Он велел врачам вылечить девушку. Врачи стали пользовать ее, и она вскоре совсем оправилась и стала красавицей. Тогда Бхарата взял ее к себе в дом, дал ей имя Тара и держал ее как дочь свою. По прошествии некоторого времени Бхарата сказал своей приемной дочери: «Я позову к себе царя на обед, ты приоденься и покажись ему». Тара ничего не ответила. Затем он пригласил царя к себе, и, когда они после обеда беседовали, из соседней комнаты, отделенной только занавескою, Тара кинула в столовую мяч и, выглянув из-за занавески, сказала Бхарате: «Отец, отдай мне мяч». Царь, увлеченный красотою девушки, опросил, кто она.

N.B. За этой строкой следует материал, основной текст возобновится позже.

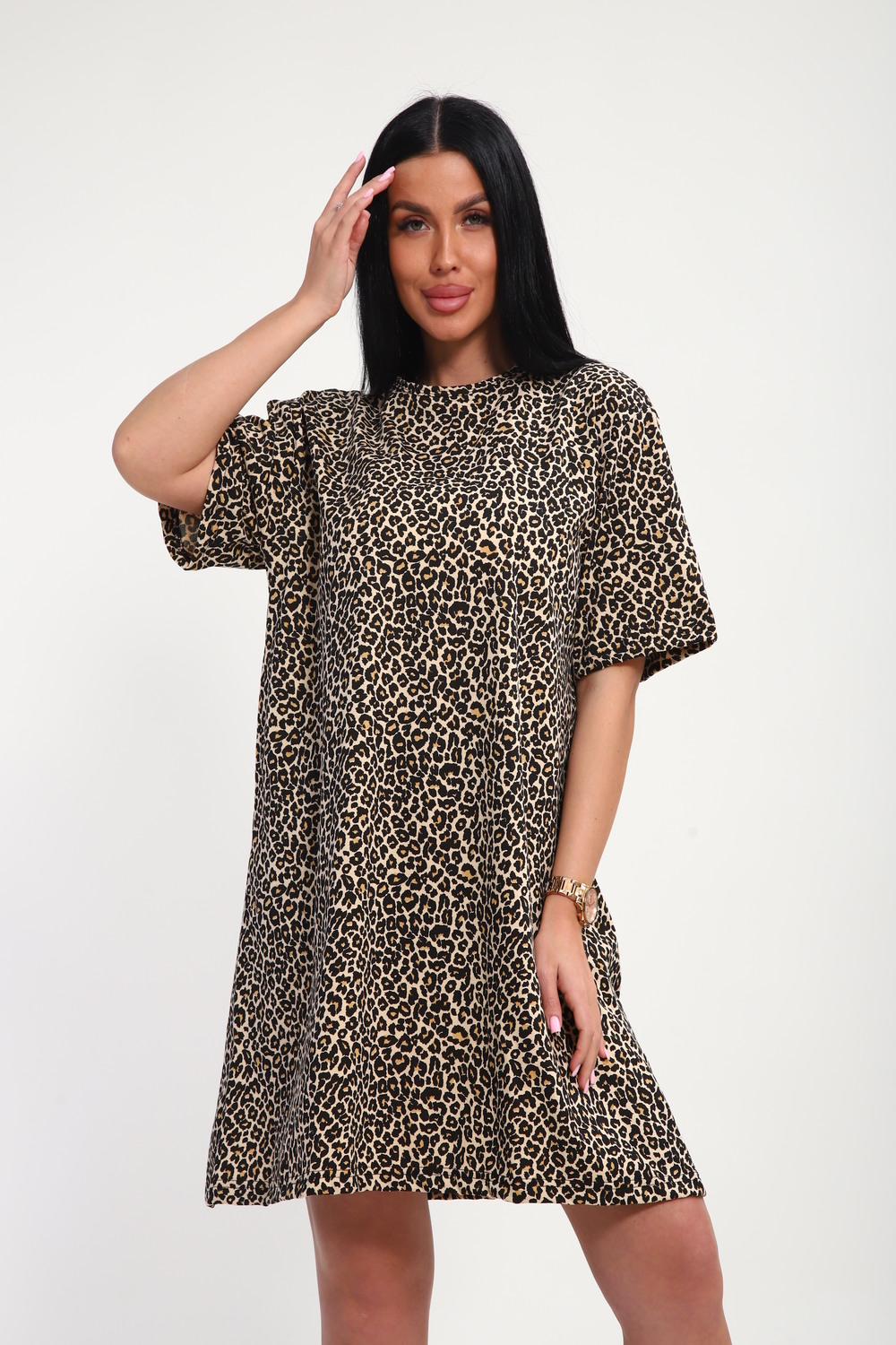 Туника в форме удлиненной футболки леопардовая сделает домашний образ игривым и дерзким. Прямой свободный силуэт скроет недостатки и покажет достоинства фигуры, а дышащий нежный хлопок - идеальный для домашней одежды и пижамы. В наших туниках можно расслабляться, делать работу по дому, отдыхать, играть с детьми - все что угодно! Они прекрасно подойдут в повседневной жизни в качестве футболки, на джинсы или леггинсы. Порадуйте себя и своих любимых разнообразием в уютной домашней одежде от бренда Веста.

Бхарата сказал, что она его дочь, и, уступая настояниям, согласился выдать ее за него замуж. Женолюбивый царь был безумно влюблен в нее и отдавал ей предпочтение перед всеми женщинами своего терема.
Тогда Бхарата, видя, что настало время доказать царю правду своих слов, сказал Таре: «Сможешь ты заставить царя дать себя оседлать тобою и заставить его ржать при этом?» Она немного улыбнулась и ответила: «Посмотрю, смогу или нет». Затем Тара приняла печальный вид, надела загрязненное платье и легла. Царь увидел ее и спросил: «Царица, какой ты дала себе обет?» – «О царь, – ответила она, – боги смущены». – «А что тебе до богов?» – «О царь, когда ты послал отца моего в поход, я дала обет, что, если он победит, я заставлю того, за кого выйду замуж, прокатить меня на себе и ржать. Теперь я стала твоею женою – в тереме твоем много жен и нет мне надежды на исполнение моего обета». Царь сказал: «Не беспокойся, обет ты дала ради меня, все будет исполнено». Но Тара молчала. Царь прибавил: «Нет ли у тебя еще желания?» – «Нет, государь, ничего больше не хочу, но пусть присутствует царский жрец (пурохита) и произнесет благословение и пусть кто-нибудь при этом играет на лютне». Музыканта пришлось искать, наконец нашли одного гандхарца, которого разорили и довели до крайности блудницы. Его привели во дворец, завязали ему глаза и повели на крышу. Сюда же приведен был и царский жрец, которому царь рассказал все как было; жрец ничего на это не сказал. Тара села на царя, произнеся молитву и надев белую одежду, и царь тогда заржал после благословения жреца, гандхарец играл на лютне.
Слыша ржание коня, гандхарец подумал: «Откуда это взялась лошадь на крыше? Это, верно, кто-нибудь, как и я, попавший во власть женщин». И он запел песенку, намекавшую на происходившее. Поговорив с ним, царь понял, что гандхарец догадывается об истине: он велел ему покинуть страну, наградив его щедро деньгами.